▶ **PROBLEM DESCRIPTION**: Everything from the line with "Le centre sera" through the last line of the data below should be copied exactly, apart from the pictures.

▶ **DATASET**:
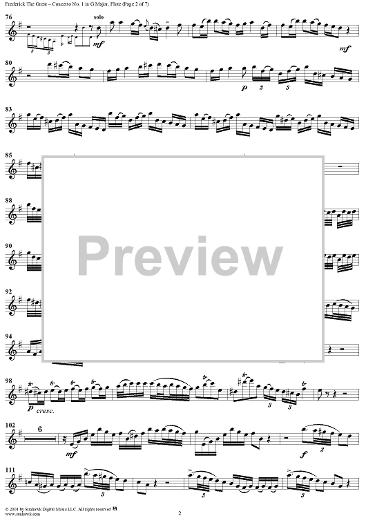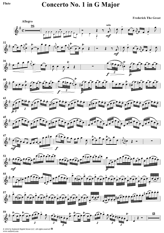 "Concerto No. 1 in G Major - Flute" Sheet Music by Frederick II, King of Prussia
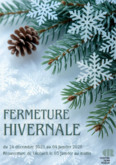 Le centre sera fermé pour congés d'hiver du 24 décembre 2025 au 4 janvier 2026 inclus.
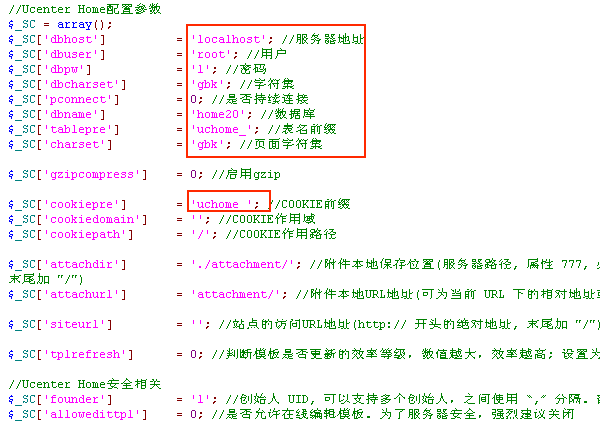 打开 UCHome 的配置文件 config.php,如下图所示:
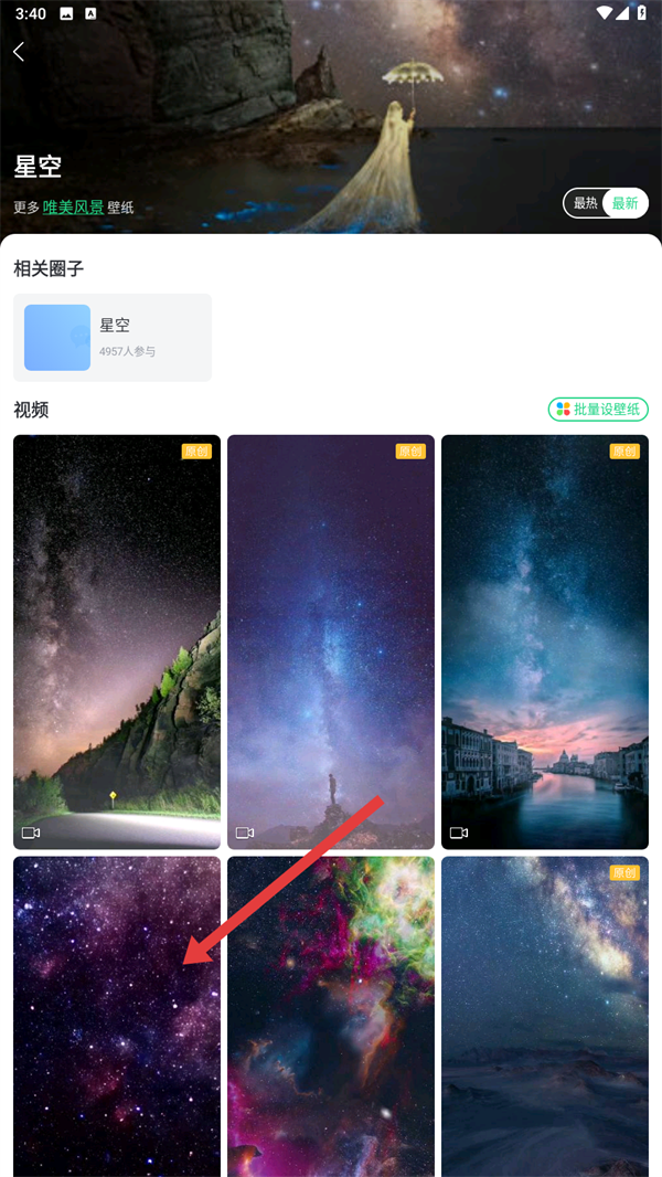 3、进入【星空】专题后,挑选一张心仪的星空壁纸,点击它进入详情页面啦。
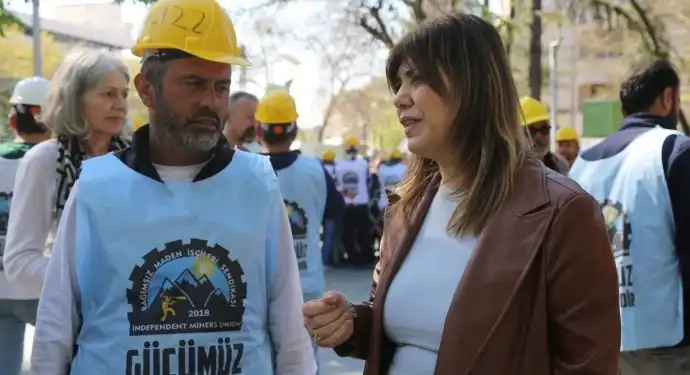 Maden işçilerinin direnişini ziyaret eden Halkların Demokratik Kongresi (HDK) Eşsözcüsü Meral Danış Beştaş, işçilerin alın terleri karşısında patronların bu emeğe el koymasının hukuksuzluk olduğunu söyledi. Madencilerin direnişini selamlayan Meral Danış Beştaş, manipülasyonlara karşı direnen madencilerin yanında olduklarını söyledi.
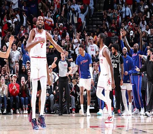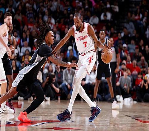 本场比赛中,火箭的先发锋线球星凯文-杜兰特(Kevin Durant)的表现只能算是中规中矩,而且他在比赛关键时刻也没有起到应该起到的作用。杜兰特全场出场36分10秒,投篮17中8,三分线外4中2,罚球6中6,得到了24分2篮板6助攻1盖帽的数据,还有3次失误和2次犯规,正负值为-9。杜兰特在上下半场的表现存在着巨大的差异,他在上半场表现不错,拿下了13分。即使是在第三节,他其实也是起到了一定的作用的,并且通过各种方式拿下了7分。然而到了比赛第四节,在全队进攻哑火的情况下,杜兰特完全没有展现出自己的硬解能力,他仅以4中1的效率得到了4分,完全没有承担起应该承担的责任。不仅如此,杜兰特在其他方面的表现也是令人失望的,也同样没有起到作用,这也在一定程度上导致了球队的这场失利。
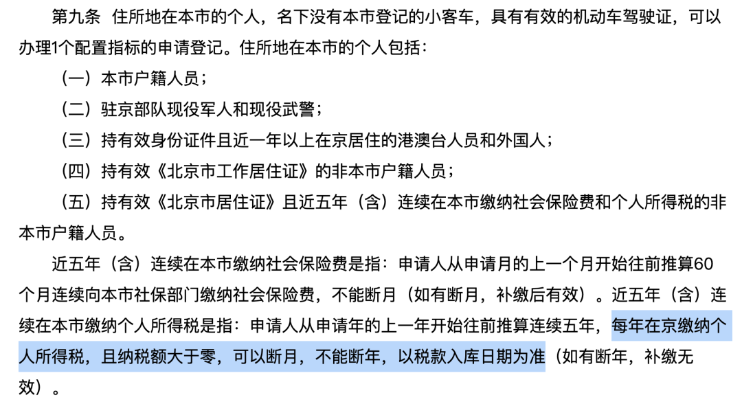 《<北京市小客车数量调控暂行规定>实施细则》(2020年修订)2021年1月1日起正式实施,其中规定,住所地在本市的个人,名下没有本市登记的小客车,具有有效的机动车驾驶证,可以办理1个配置指标的申请登记。持有效《北京市居住证》且近五年(含)连续在本市缴纳社会保险费和个人所得税的非本市户籍人员也具备资格。
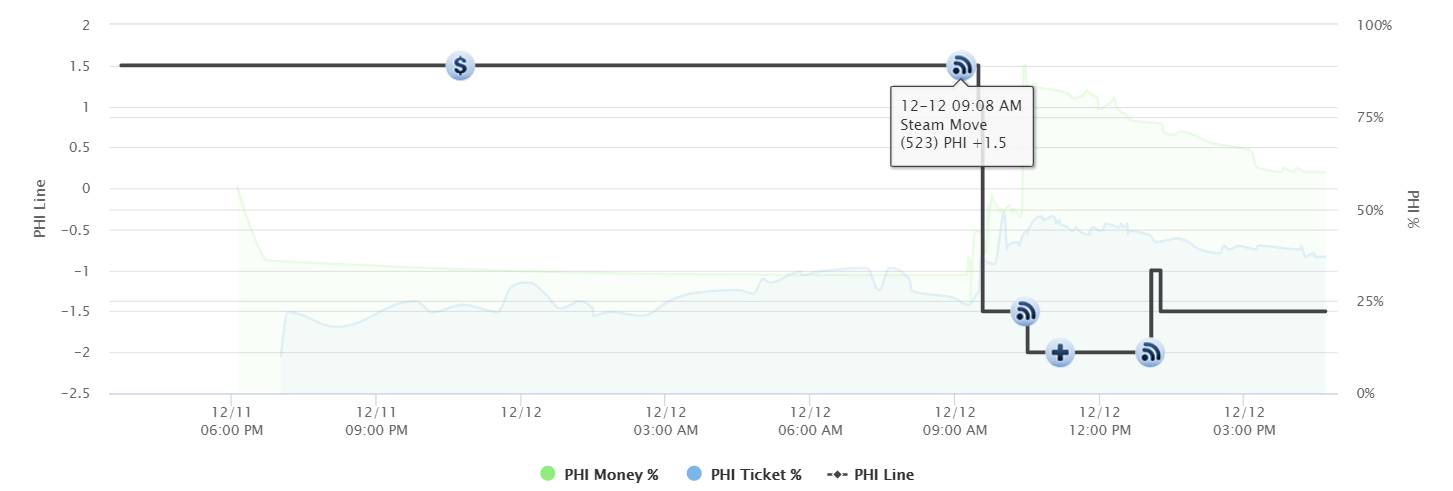 The 76ers actually opened as underdogs on the road in this spot at +1.5 but have since been pounded by sharp bettors. We initially tracked a steam move on the 76ers at +1.5 when it opened, but bettors even found value on Philly as a small favorite, hitting again at -1.

▶ **OUTPUT OF THE TASK**:
 Le centre sera fermé pour congés d'hiver du 24 décembre 2025 au 4 janvier 2026 inclus.
 打开 UCHome 的配置文件 config.php,如下图所示:
 3、进入【星空】专题后,挑选一张心仪的星空壁纸,点击它进入详情页面啦。
 Maden işçilerinin direnişini ziyaret eden Halkların Demokratik Kongresi (HDK) Eşsözcüsü Meral Danış Beştaş, işçilerin alın terleri karşısında patronların bu emeğe el koymasının hukuksuzluk olduğunu söyledi. Madencilerin direnişini selamlayan Meral Danış Beştaş, manipülasyonlara karşı direnen madencilerin yanında olduklarını söyledi.
 本场比赛中,火箭的先发锋线球星凯文-杜兰特(Kevin Durant)的表现只能算是中规中矩,而且他在比赛关键时刻也没有起到应该起到的作用。杜兰特全场出场36分10秒,投篮17中8,三分线外4中2,罚球6中6,得到了24分2篮板6助攻1盖帽的数据,还有3次失误和2次犯规,正负值为-9。杜兰特在上下半场的表现存在着巨大的差异,他在上半场表现不错,拿下了13分。即使是在第三节,他其实也是起到了一定的作用的,并且通过各种方式拿下了7分。然而到了比赛第四节,在全队进攻哑火的情况下,杜兰特完全没有展现出自己的硬解能力,他仅以4中1的效率得到了4分,完全没有承担起应该承担的责任。不仅如此,杜兰特在其他方面的表现也是令人失望的,也同样没有起到作用,这也在一定程度上导致了球队的这场失利。
 《<北京市小客车数量调控暂行规定>实施细则》(2020年修订)2021年1月1日起正式实施,其中规定,住所地在本市的个人,名下没有本市登记的小客车,具有有效的机动车驾驶证,可以办理1个配置指标的申请登记。持有效《北京市居住证》且近五年(含)连续在本市缴纳社会保险费和个人所得税的非本市户籍人员也具备资格。
 The 76ers actually opened as underdogs on the road in this spot at +1.5 but have since been pounded by sharp bettors. We initially tracked a steam move on the 76ers at +1.5 when it opened, but bettors even found value on Philly as a small favorite, hitting again at -1.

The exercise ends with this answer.